Mi sono trasferita da Gerusalemme a Tel Aviv nel 2001. Fin da allora, avevo capito la storia delle centinaia di villaggi palestinesi spopolati sparsi nell’attuale Israele. Li conoscevo come parchi nazionali, come rovine lungo la strada, come siti di picnic e come città israeliane; alcuni li conoscevo con i nomi arabi originali.

Tel Aviv stessa domina sei località palestinesi esistenti prima del 1948: al-Jamasin al Gharbi, al-Mas’udiyya (Summayl), al-Shaykh Muwanis, Salameh, un villaggio di pescatori e il quartiere settentrionale di Giaffa al-Manshiyya. Tuttavia, quando ho visto i loro resti, mescolati con le strade, le gallerie e le caffetterie di Tel Aviv, non riuscivo a immaginare che questi villaggi o i loro abitanti potessero tornare a far parte della città.

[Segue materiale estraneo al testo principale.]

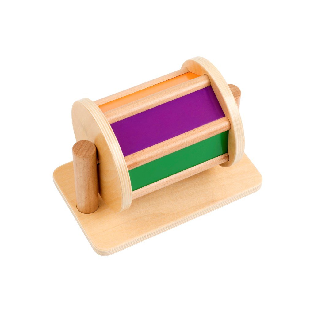 Toto je klasický Montessori materiál pro děti ve věku od 7 měsíců. Materiál se skládá z dřevěného bubnu s několika panely různých jasných barev. Prostřednictvím hry je dítě hypnotizováno krásnými jasnými barvami a fascinováno zvukem, který buben při otáčení vydává. Tyto činnosti pomáhají zdokonalovat zrakový vývoj a jemný uklidňující zvuk, vytvářený při roztočení bubnu, stimuluje tvorbu sluchových smyslů. Zlepšuje se koordinace ruka-oko, stejně jako síla jádra svalů, jemné a hrubé motorické dovednosti a pochopení příčiny a následku. Rozměr produktu 220x160x140 mm. Nizozemská firma Nienhuis Montessori vyrábí montessori pomůcky prémiové kvality a to již od roku 1929.Doplňkové parametry

La mia incapacità di immaginare un futuro di questo tipo, parla del potere schiacciante che l’immaginario nazionale sionista ha avuto sul mio pensiero. L’ethos del sionismo ha ridisegnato la terra con gli strumenti della partizione, segregazione e discriminazione, senza lasciare spazio per immaginare qualcosa di diverso da ciò che esiste oggi. Pochissimi ebrei israeliani, ad esempio, riescono politicamente ad immaginarsi come pari ai palestinesi, sia con cittadinanza israeliana che senza.

L ‘”immaginazione” non appartiene semplicemente al regno della fantasia; non è qualcosa di irreale che “accade” quando si chiudono gli occhi. Al contrario, è un’azione che ha luogo quando gli occhi guardano. E abbiamo bisogno dell’immaginazione per comprendere il passato, il presente e il futuro di Israele-Palestina attraverso lenti liberate dai confini dell’immaginario esclusivo del sionismo.

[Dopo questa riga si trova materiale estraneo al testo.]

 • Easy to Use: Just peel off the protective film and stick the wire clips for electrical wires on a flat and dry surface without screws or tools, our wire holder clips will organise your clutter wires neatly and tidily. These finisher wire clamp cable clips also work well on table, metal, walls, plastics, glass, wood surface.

Per la teorica politica Hannah Arendt, l’immaginazione riguarda le relazioni che nascono tra persone che possono vedersi gli uni con gli altri e immaginare le reciproche prospettive. La forza dell’immaginazione, scrive, “rende gli altri presenti e quindi si muove in uno spazio potenzialmente pubblico, aperto da tutti i lati … Pensare con una mentalità aperta significa allenare la propria immaginazione a guardare in giro”.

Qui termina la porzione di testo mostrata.